Complement System Tests
The complement system is a part of the immune system that acts like a backup defense, helping the body fight certain types of bacteria. Complement system tests measure proteins such as C3, C4, or CH50 to see if this system is working properly. When these proteins are low or not functioning as they should, children may become more susceptible to infections, especially from bacteria like Neisseria. Detecting problems in the complement system early allows doctors to provide targeted care, prevent severe infections, and guide further testing or treatment to support the child’s immune health.

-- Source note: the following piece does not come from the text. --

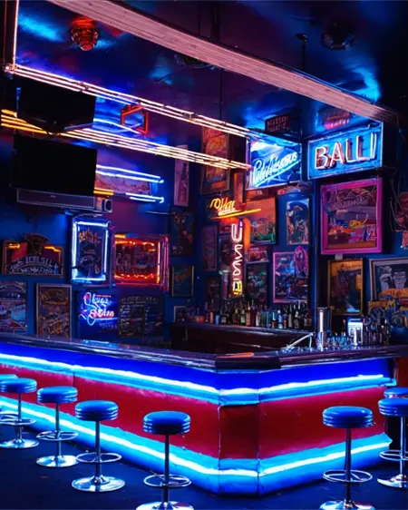 Neon Environments Model, is designed to generate visually striking images inspired by arcades, pubs, and other premises adorned with neon lights.

Functional Tests of Immune Cells
Functional tests go beyond simply counting immune cells—they check whether the cells are actually doing their job. For example, these tests can see if white blood cells can effectively kill bacteria or if lymphocytes respond properly when the body encounters an infection. This is important because a child may have normal numbers of immune cells, but the cells may not be functioning correctly. By assessing how well the immune system works in practice, doctors can better understand why a child keeps getting infections and determine the most appropriate next steps for treatment or further testing.
Genetic Testing
Genetic testing looks at a child’s DNA to see if some changes or mutations could be causing problems with the immune system. Finding these changes can confirm a diagnosis and help doctors decide the best treatment. Depending on the condition, treatment might include special medications or, in some cases, procedures like stem cell therapy. Knowing the exact genetic cause also helps predict how the condition may develop and what steps can keep the child healthy.
In some rare or more complicated cases, doctors may order extra tests to get a clearer picture of the child’s immune system. These can include tests like bone marrow examinations or checks of how the immune system communicates and signals other cells. These additional tests are usually done when routine tests don’t fully explain the child’s frequent infections or immune problems.